According to Wikipedia
In 2003, Lehrer commented that his particular brand of political satire is more difficult in the modern world: “The real issues I don’t think most people touch. The Clinton jokes are all about Monica Lewinsky and all that stuff and not about the important things, like the fact that he wouldn’t ban land mines … I’m not tempted to write a song about George W. Bush. I couldn’t figure out what sort of song I would write. That’s the problem: I don’t want to satirize George Bush and his puppeteers, I want to vaporize them.”[33] Earlier, he had said: “Political satire became obsolete when Henry Kissinger was awarded the Nobel peace prize.”[77]
I think it’s a bit of a reach to call Lehrer “Noam Chomsky with a piano” as someone once did on the BBC. I don’t know if Noam Chomsky ever said anything about Lehrer’s work – they knew each other at least socially, briefly. According to this,
“Lehrer’s raillery—part highbrow, part gutter, delivered with a deadpan smirk—made him a sensation among the members of the Cambridge academic set. “We had a common musician friend, Arthur Berger,” recalls linguist and social critic Noam Chomsky, “And I sometimes heard Lehrer perform live for a small group at Arthur’s home.” “
Anyway, vale Tom Lehrer – a mensch.

Source: The Guardian, May 26, 2024
Further reading
Suilebhan, G. and Gimbel, S. 2025. Tom Lehrer: American Cassandra. Moment Magazine, July 30
Footnotes
(1) Be Prepared is filthy. It was one of the songs on the “play this and you’ll get arrested” list in South Australia. According to Looking For Tom Lehrer, Comedy’s Mysterious Genius the original lyrics included “If you’re out behind the woodshed doing what you’d like to do, just be sure that your companion is a Boy Scout too.” Lehrer later changed that lyric “if you’re looking for adventure of a new and different kind, and you come across a Girl Scout who is similarly inclined “in a futile effort to get a mainstream record deal.”

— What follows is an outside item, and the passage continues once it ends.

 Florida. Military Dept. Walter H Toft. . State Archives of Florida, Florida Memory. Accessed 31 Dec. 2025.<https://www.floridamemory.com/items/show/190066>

The more I read about him the more I like him – the comment to 2 Chainz was priceless. Incredible you got a chance to meet him.

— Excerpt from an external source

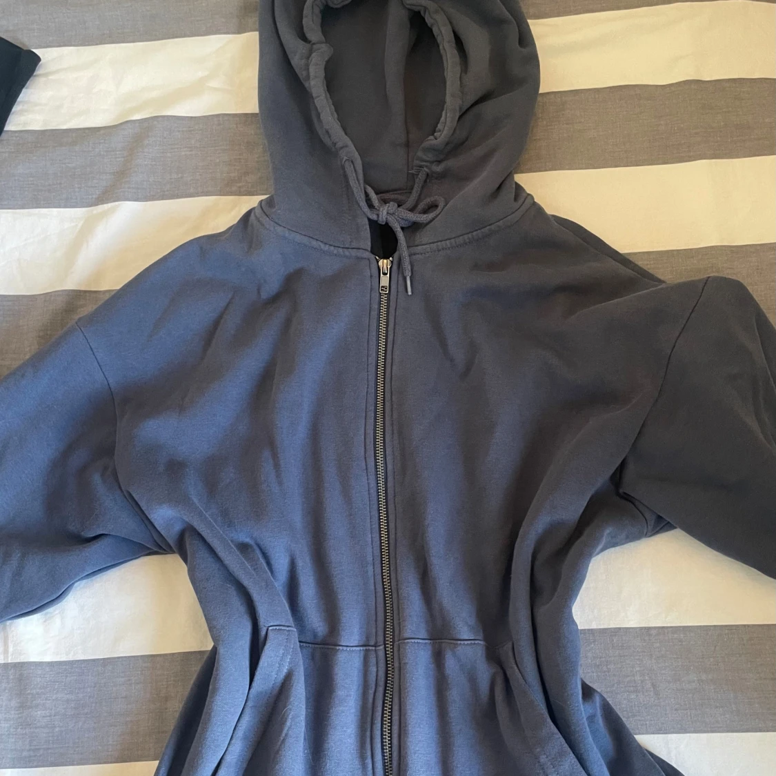 Säljer en mörkblå hoodie med hel dragkedja och huva med snörning. Tröjan har en avslappnad passform och är tillverkad i mjukt bomullsmaterial. Perfekt för kyliga dagar när du vill vara både bekväm och snygg.

Thank you for this article, Marc. Before reading this I had not got beyond a fond memory of his song about the periodic table of chemical elements. Despite the brilliance that he displayed in that, there was clearly much more to Tom Lehrer.
Hi John, sorry for delayed response. Lehrer’s work is brilliant – hilarious, insightful etc. The man could sing, and play a piano. I hope you enjoy listening to his music (all of it, I think, available on Youtube).